→ TASK DETAILS
As the answer, return precisely the lines from the one containing "Für den Sportplatz" to the final line of the material below, inclusive, and omit every picture.

→ GIVEN DATA

##########

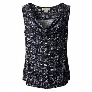 Michael Kors Sleeveless Blouse Plus Size 2X Cowl Neck Purple Black White Knit
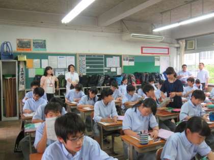 多くの先生が参観される中、しっかり授業に取り組んでいました。
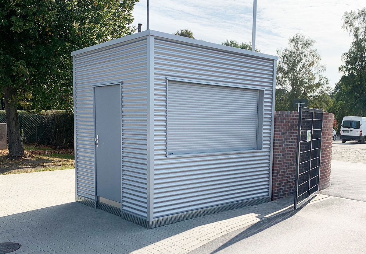 Für den Sportplatz einer niedersächsischen Stadt durften wir ein Kassenhäuschen für die Einlasskontrolle liefern.
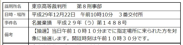 傍聴券の抽選 10:10までに裁判所前3番交付所 に集合。

##########

→ FINISHED TASK
 Für den Sportplatz einer niedersächsischen Stadt durften wir ein Kassenhäuschen für die Einlasskontrolle liefern.
 傍聴券の抽選 10:10までに裁判所前3番交付所 に集合。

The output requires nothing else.